Rusal does not approve of possible Norilsk Nickel 2% buyback
MOSCOW. June 29 (Interfax) - Rusal does not approve of a potential deal that would see a 2% Norilsk Nickel buyback, considering this to be an irrational use of funds.
"Our position on buybacks has not changed. A buyback is not the fairest way to distribute profit," Rusal Deputy Chairman Maxim Sokov told the press on the sidelines of the Norilsk Nickel AGM.
Under the current circumstances it is not sensible to spend $600 million on a buyback, he said.
If there is negative macroeconomic news, such as Greece exiting the EU, a buyback of 2% will not provide serious support to company share quotes, Sokov said.
The value of the shares that Norilsk Nickel acquired in the 2011 buyback is around $5 billion but Norilsk Nickel spent $9 billion on them, Sokov said.

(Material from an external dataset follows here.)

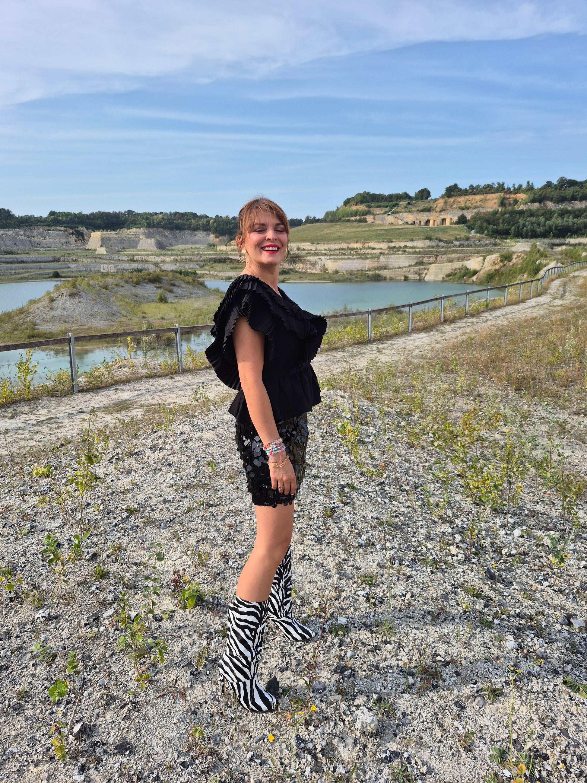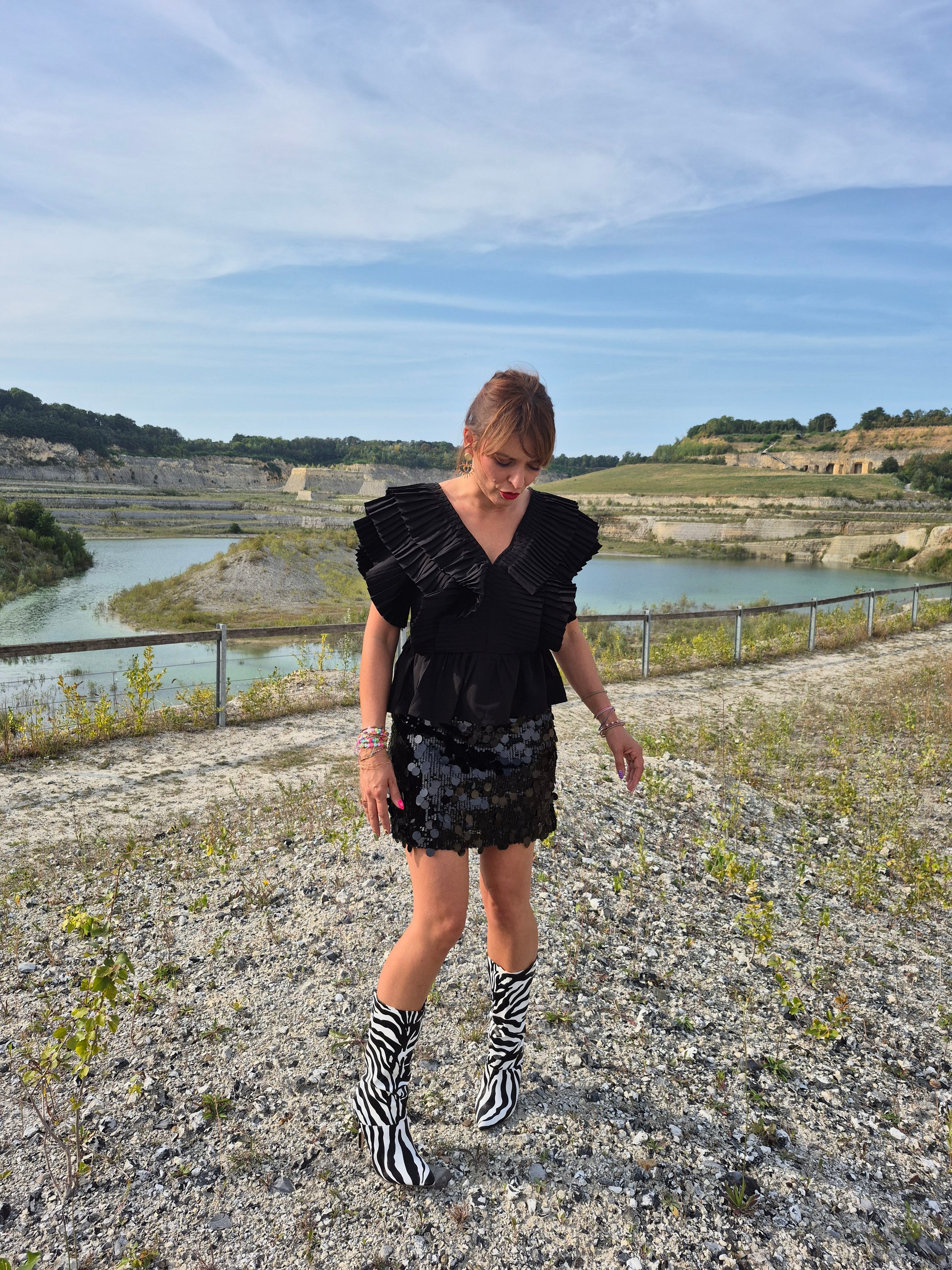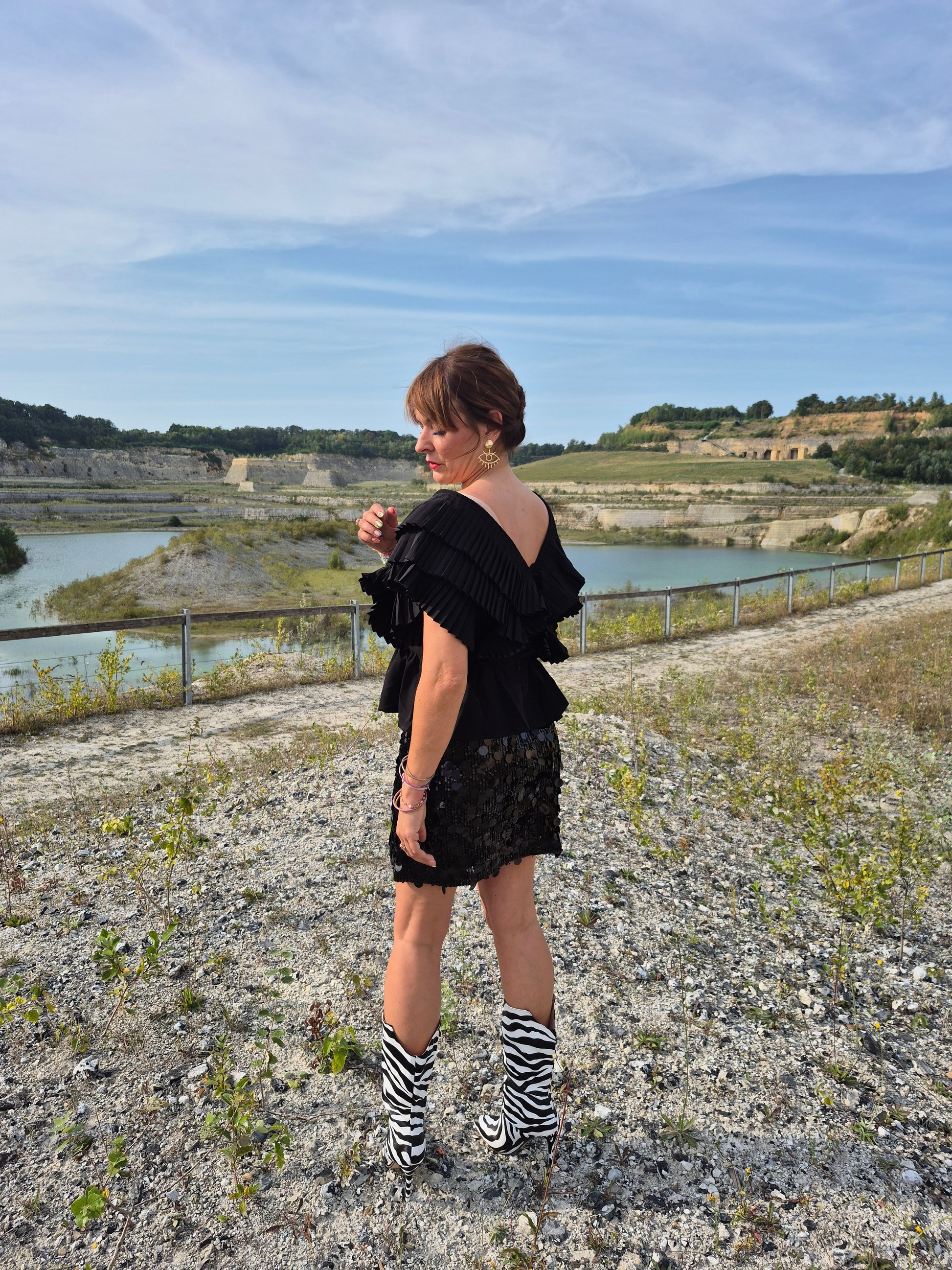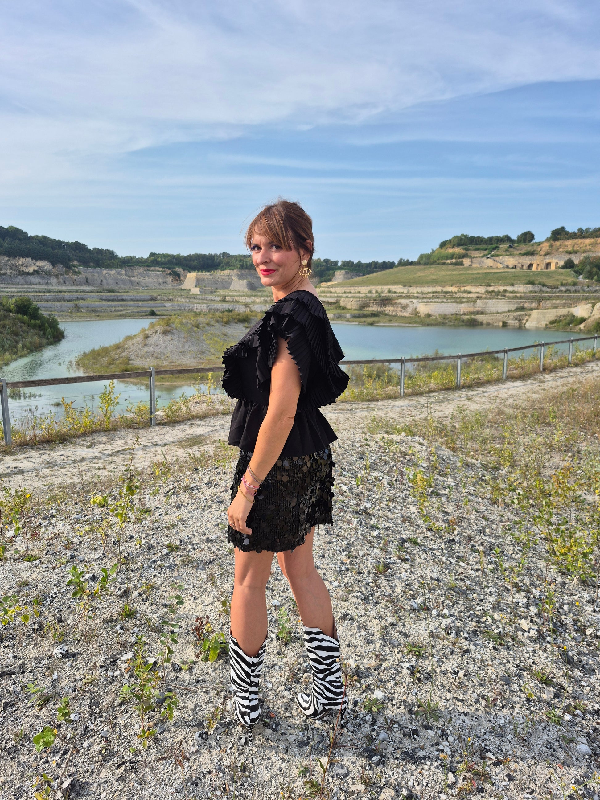 - Joli chemisier volanté, boutonné dans le dos / Encolure en V

If the company had not spent that money buying its own shares "maybe there would be no need for a reduction in the investment program now," he said.
Rusal abstained in the issue of a possible buyback in the Norilsk Nickel board Thursday, he added.
Andrei Bugrov, the chairman of the Norilsk Nickel board and a representative for Interros, said the board's decision does not have a term within which Norilsk Nickel management must submit their proposals on increasing capitalization (envisaging the possibility of a 2% buyback).
Another part of the capitalization boost issue is the redemption of 10% of Norilsk Nickel shares. The redemption process could take 6-8 months, Norilsk Nickel General Director Vladimir Strzhalkovsky said.